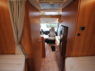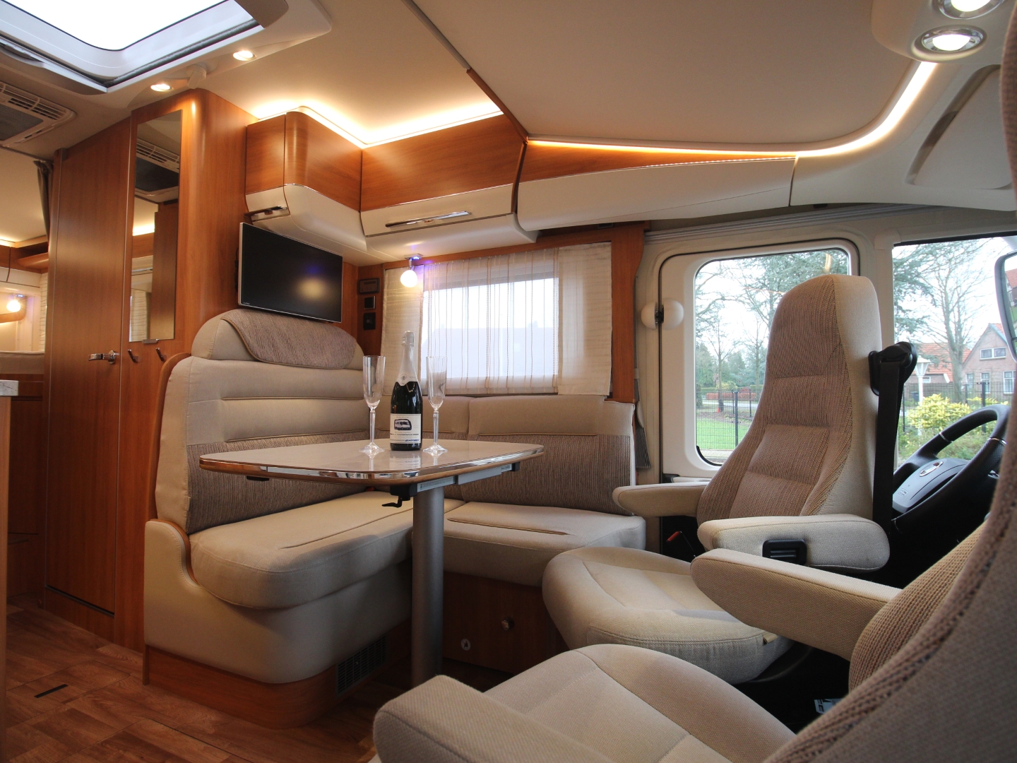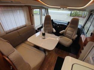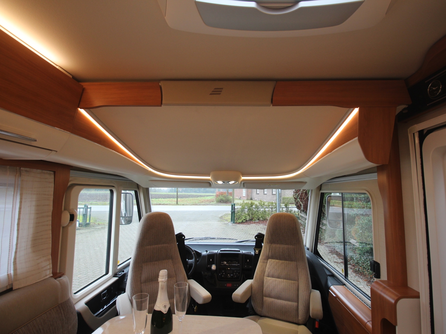2 comfortabele Aguti Ergoflex pilotenstoelen, in hoogte en helling instelbaar, draaibaar naar een gezellige en ruime comfort L-zit met luxe salontafel. Het interieur heeft een volledig vlakke vloer en bestaat uit het nieuwe lichtbouw-meubelgeneratie en het sierlijke meubeldesign Trentino Birnbaum, in combinatie met de luxe Pico bekleding en de vele LED verlichting geeft dit een bijzondere sfeer. Heerlijk koel te houden door de Dometic dakairco. Cabineramen zijn voorzien van vouw- verduistering van hoogwaardig plisséstof, en bij het voorraam een electrisch rolluik.
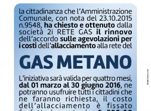 L'Amministrazione Comunale ha ottenuto il rinnovo dell'accordo sulle agevolazione per il costo di allacciamento alla rete gas metano.
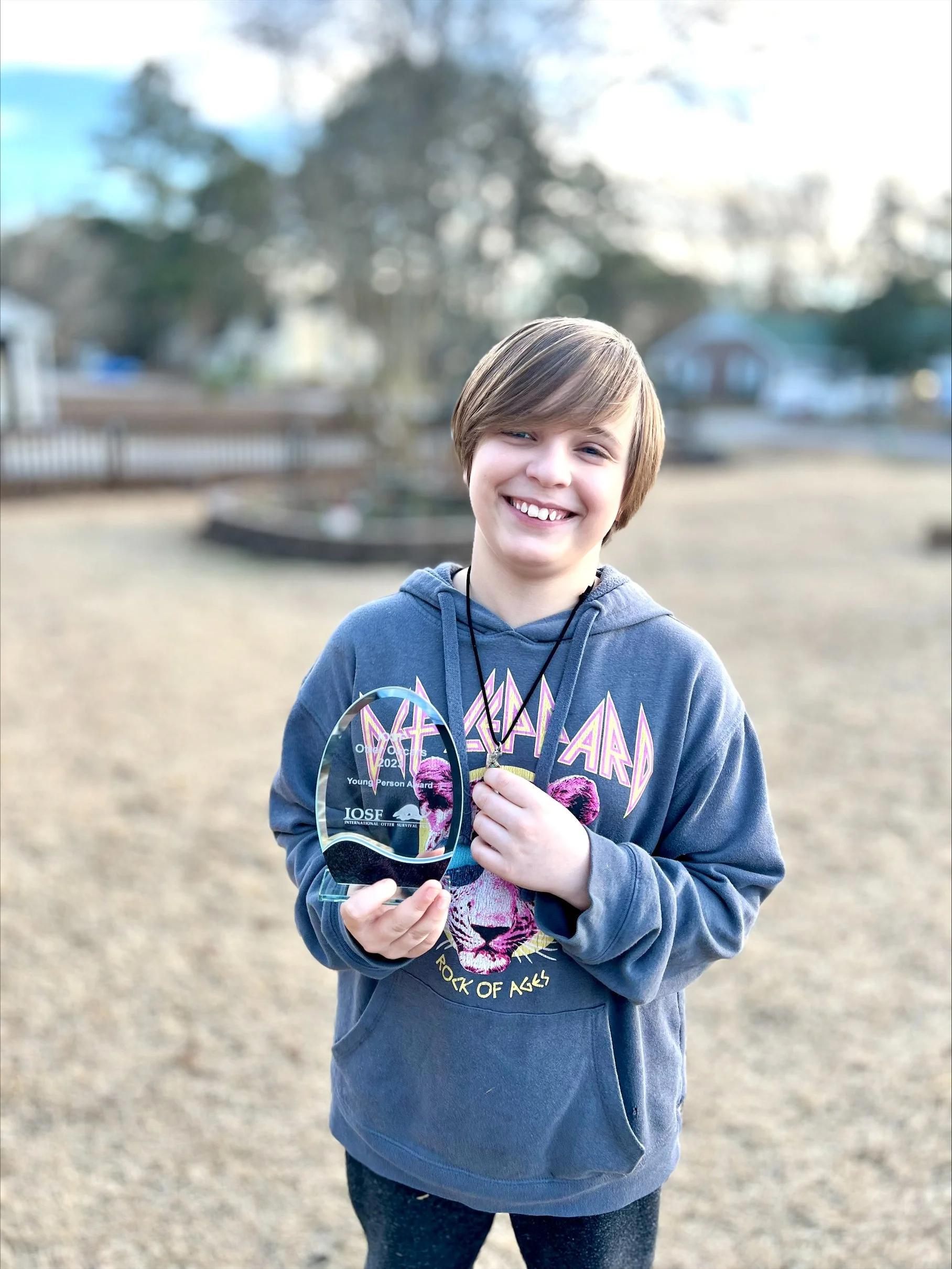 Our next Team Otter meet is with Asher Scott McCarty who is dedicated to otters and has shown this in various ways, including sharing information with classmates and educating people about them. Asher has also adopted local otters and raised money for IOSF, using tireless and resourceful efforts.

──────────────────────────────

> Brief: Make an exact reproduction of the listing above, without any pictures.

> Task output:
2 comfortabele Aguti Ergoflex pilotenstoelen, in hoogte en helling instelbaar, draaibaar naar een gezellige en ruime comfort L-zit met luxe salontafel. Het interieur heeft een volledig vlakke vloer en bestaat uit het nieuwe lichtbouw-meubelgeneratie en het sierlijke meubeldesign Trentino Birnbaum, in combinatie met de luxe Pico bekleding en de vele LED verlichting geeft dit een bijzondere sfeer. Heerlijk koel te houden door de Dometic dakairco. Cabineramen zijn voorzien van vouw- verduistering van hoogwaardig plisséstof, en bij het voorraam een electrisch rolluik.
 L'Amministrazione Comunale ha ottenuto il rinnovo dell'accordo sulle agevolazione per il costo di allacciamento alla rete gas metano.
 Our next Team Otter meet is with Asher Scott McCarty who is dedicated to otters and has shown this in various ways, including sharing information with classmates and educating people about them. Asher has also adopted local otters and raised money for IOSF, using tireless and resourceful efforts.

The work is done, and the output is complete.